Her skill with the knife was so slick, she could perform at a circus.
You could call me frustrated. Why wouldn’t I be? A man had walked behind me for 5 solid minutes yelling “Rat Poison” at the top of his voice. It’s either he thought I was a rat killer by profession or I looked like I had a lot of rats at home so I would make a good customer for his “otapiapia”. I wasn’t smiling.
It was a sunny Saturday afternoon and I’d made a quick trip to the market to get vegetables to make soup… I needed 500 Naira worth of Ugwu and waterleaf so I knew I had to get to the heart of the market. Freeing myself from the rat poison seller and finding my way to the center of the market, a woman in a bright red tee-shirt standing in front of a tray called out to me “Fine girl come and buy Ugwu”…
There was something about her…
I looked at her scanty tray and asked “Do you have up to 500 Naira?” she laughed and said “I get pass that one” pointing her finger to a small bag of vegetables behind her… I told her to cut up the vegetables and watched her get to work. Scratch that, I watched her.
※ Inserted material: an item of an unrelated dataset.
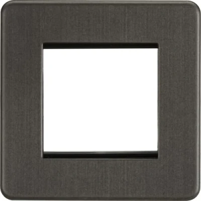 Electrical WorldSuitable for use with euro module inserts. Ideal for creating bespoke TV/DATA/HDMI/USB/TEL installations. Flawless Screwless design - Accepts two 25 x 50mm , or a single 50 x 50mm euro module - Screwless low profile design with built in gasket - Minimum mounting box depth: dependent on euro module usedTechnical Specification:Projection (mm): 4.3Construction: Premium grade steelFinish: Smoked BronzeClass: IIP Rating: IP20Earth Terminal: YesDimensions: Height: 88mmWeight: 0.098KgWarranty: 15 Years
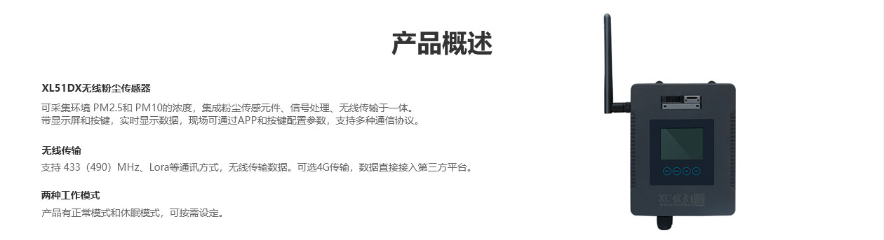 XL51DX無(wú)線粉塵傳感器,可采集環(huán)境 PM2.5和 PM10的濃度,集成粉塵傳感元件、信號(hào)處理、無(wú)線傳輸于一體。帶顯示屏和按鍵,實(shí)時(shí)顯示數(shù)據(jù),現(xiàn)場(chǎng)可通過(guò)APP和按鍵配置參數(shù),支持多種通信協(xié)議。

Tee-shirt had a permanent smile on her face that revealed dimples. Her baby boy was strapped on her back with a faded wrapper. He appeared to be sleeping. The sun was hot and his scalp shone in reflection. She plucked the vegetables and began slicing them into thin slices while calling out to other passers-by.
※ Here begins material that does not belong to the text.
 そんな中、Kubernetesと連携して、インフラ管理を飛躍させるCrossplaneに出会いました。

She glanced at me and asked how I was doing. I politely replied that I was fine wishing she would just leave me alone. She launched into a fascinating story of an elderly woman who had tried to steal some waterleaf from her that afternoon. She seemed very amused at her own story and laughed at intervals. She concluded her story with
“They say Wetin elders dey see, small pikin no dey see am. But the one wey she do, I see am”. By this time I was laughing along with her.
She continued chopping the vegetables, greeting random people that passed by, calling out for more customers and cooing at her baby who had woken up in tears. I was starting to feel completely at ease around this woman and so was Pikachu.
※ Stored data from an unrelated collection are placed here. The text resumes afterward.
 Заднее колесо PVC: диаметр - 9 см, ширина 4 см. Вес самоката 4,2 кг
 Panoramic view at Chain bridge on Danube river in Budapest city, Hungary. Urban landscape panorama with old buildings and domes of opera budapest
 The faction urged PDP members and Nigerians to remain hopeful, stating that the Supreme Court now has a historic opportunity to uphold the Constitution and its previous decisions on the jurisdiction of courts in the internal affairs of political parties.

Yes, I call her Pikachu; the strange woman who also waited to buy vegetables. She wore a bright yellow dress and topped it with a badly tied gele. Her skin was charcoal black contrasting with her chalk white teeth. She was beautiful and reminded me of my favorite character in Pokemon, Pikachu.
Pikachu got so comfortable just standing there that she began to eat anything she could lay her hands on. No kidding! First she had coconuts from a hawker, then she had plantain chips that appeared from her bag and when that was over, she yelled at the hawker across the road with a shrill voice
“Paw Paw!! Paw Paw!!”
The both began gisting about the best way to cook edikaikong soup and Pikachu began helping Tee-shirt with my vegetables , removing the rotten parts and hard branches. I watched on.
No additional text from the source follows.